下りは上ってきたのと違う方向の全く道の無い斜面を滑って転げ落ちないように気を付けながらゆっくり降りていき、1時間ほどでスタート地点に戻り着きました。と、そこにはジャンダルマ(軍警察)の車が止まっており、若い隊員4名がマシンガンを担いで我々を出迎えています。また、地元の警官達が焚火に大きな鍋を掛けて何やらグツグツと料理を煮込んでいて、美味しそうな匂いが食欲を刺激します。こちらのポピュラーなチキン料理タブクソテです。傍らには「チャイ」沸かし器も3台湯気を立てています。
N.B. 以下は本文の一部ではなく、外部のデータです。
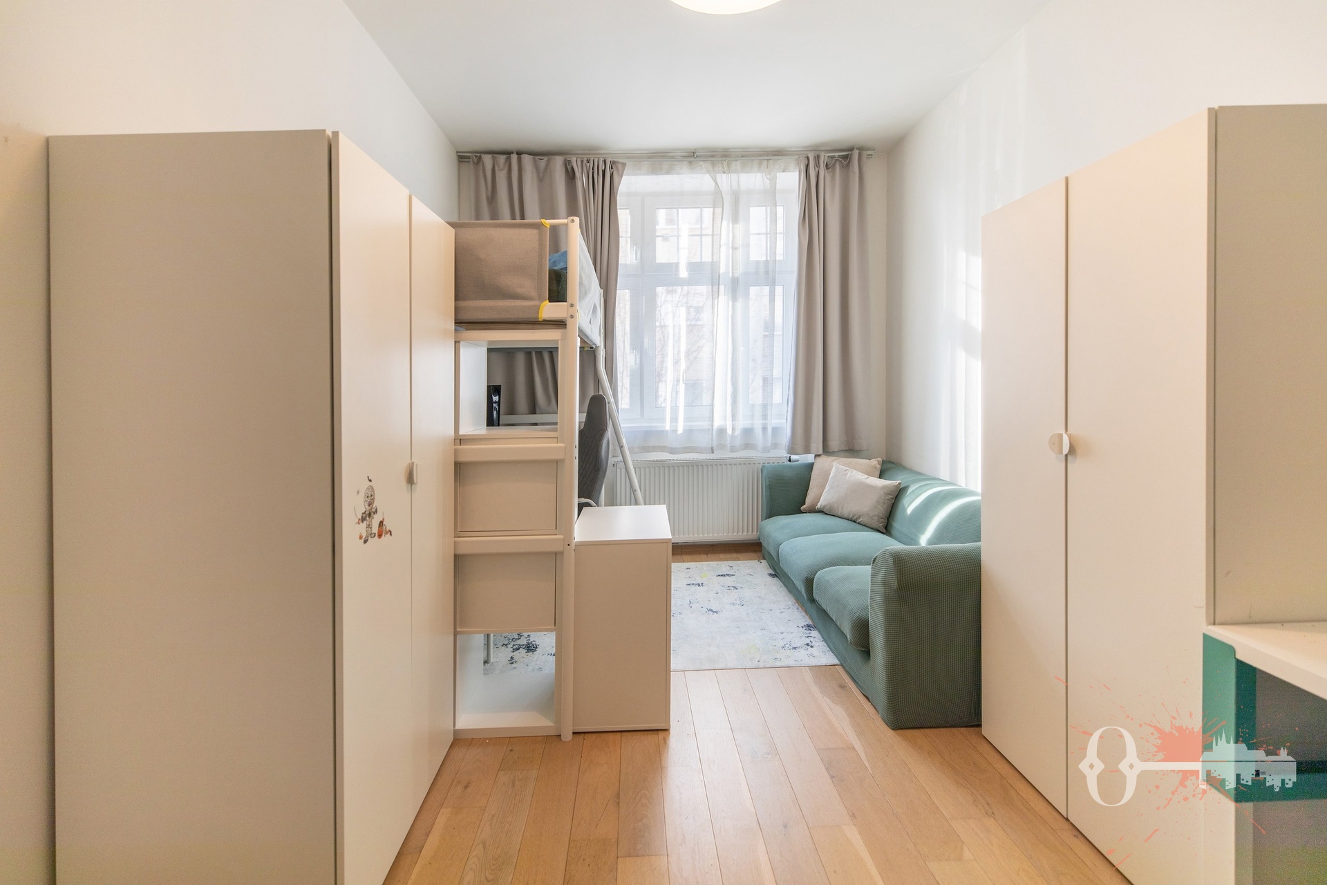Interiér působí svěže a útulně díky dřevěným podlahám z běleného dubu, které dodávají prostoru lehkost a nadčasovost. Kuchyně pochází od výrobce, pro kterého je kuchyně skutečným srdcem každého domova, a je navržena tak, aby přinášela radost z vaření i společných chvil. Vestavěné skříně na míru nabízejí úložné prostory, které dokonale respektují dispozici bytu a budí příjemný pocit pořádku a elegance. Koupelna je vybavena kvalitní sanitou od uznávaného německého výrobce a v bytě nechybí ani moderní radiátory s termostaty, díky nimž lze snadno navodit příjemné klima.

割ったバゲッドにソテをドバッと入れてもらい、アイランを貰って好きな場所にてんでに座りランチとなりました。山頂で食べた大きなバゲッドが昼食だとばかり思っていたのですが、あれは「オヤツ」でした。こうして、ワイワイガヤガヤとひとしきり食事とチャイを楽しんだ後、Erdal局長の締めの挨拶があり、日本人夫婦の参加を喜んでくれて本日のイベントは終了となりました。都合、6時間半ほどの楽しい経験でした。こんな、地元の人達との楽しい交流が体験できるのもボランティア活動の余禄()ではないでしょうか。

次回の報告は下旬の予定です。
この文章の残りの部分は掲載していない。